Berdasarkan analisis 32 data, ditemukan bahwa teknik penerjemahan lisan yang paling banyak digunakan dalam penelitian ini adalah teknik penghilangan.Teknik penghilangan banyak digunakan oleh penerjemah karena bertujuan untuk mengklarifikasi pesan penting yang akan disampaikan dalam bahasa sasaran dengan menghilangkan hal-hal yang hanya tambahan atau tidak terlalu penting untuk disampaikan.Namun, penggunaan teknik penghilangan menyebabkan banyak hasil terjemahan menjadi kurang akurat karena masih ada pesan dari bahasa sumber yang tidak disampaikan secara lengkap dalam bahasa sasaran.Melalui analisis yang dilakukan dalam penelitian ini, ditemukan bahwa teori teknik penerjemahan yang diusulkan oleh Jones (2002) tidak dapat mengakomodasi semua ucapan dalam penerjemahan lisan karena tidak ada data yang menggunakan teknik antisipasi dan ada proses penerjemahan yang sama sekali tidak menggunakan teknik penerjemahan berdasarkan teori yang diusulkan oleh Jones.Oleh karena itu, dapat disimpulkan bahwa teori teknik penerjemahan yang diusulkan oleh Jones (2002) tidak cocok untuk penerjemahan lisan.Peneliti di masa depan dapat menggunakan lebih dari satu teknik atau dapat menggunakan teori lain yang dapat memperkuat, mendukung, dan bahkan mendalam untuk menganalisis teknik penerjemahan lisan dan menilai akurasinya.Peneliti di masa depan juga dapat menilai kualitas interpretasi dengan beberapa ahli sehingga hasilnya dapat lebih objektif.

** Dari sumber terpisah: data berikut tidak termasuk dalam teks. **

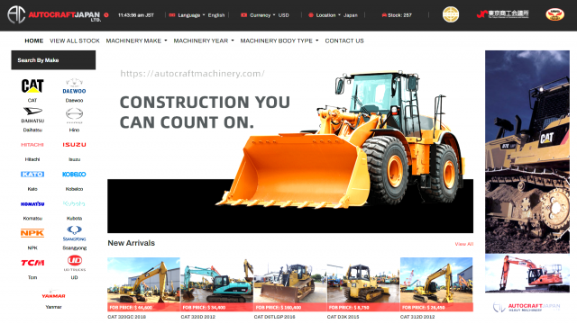 【重建機サイト】 https://www.autocraftmachinery.com/ -

Untuk penelitian lanjutan, disarankan untuk melakukan analisis lebih mendalam terhadap teknik-teknik penerjemahan lisan yang digunakan dalam konteks-konteks berbeda, seperti dalam konferensi internasional atau pertemuan bisnis. Selain itu, penelitian dapat dilakukan untuk mengeksplorasi teknik-teknik baru yang dapat meningkatkan akurasi dan kualitas penerjemahan lisan, serta untuk mengembangkan metode pelatihan yang efektif bagi penerjemah lisan. Penelitian juga dapat dilakukan untuk menilai dampak penggunaan teknologi dalam penerjemahan lisan, seperti penerapan alat bantu penerjemahan atau sistem penerjemahan otomatis, dan bagaimana teknologi tersebut dapat meningkatkan atau mengurangi akurasi dan kualitas interpretasi. Dengan demikian, penelitian lanjutan dapat memberikan kontribusi yang signifikan dalam meningkatkan kualitas dan akurasi penerjemahan lisan dari bahasa Indonesia ke bahasa Jepang.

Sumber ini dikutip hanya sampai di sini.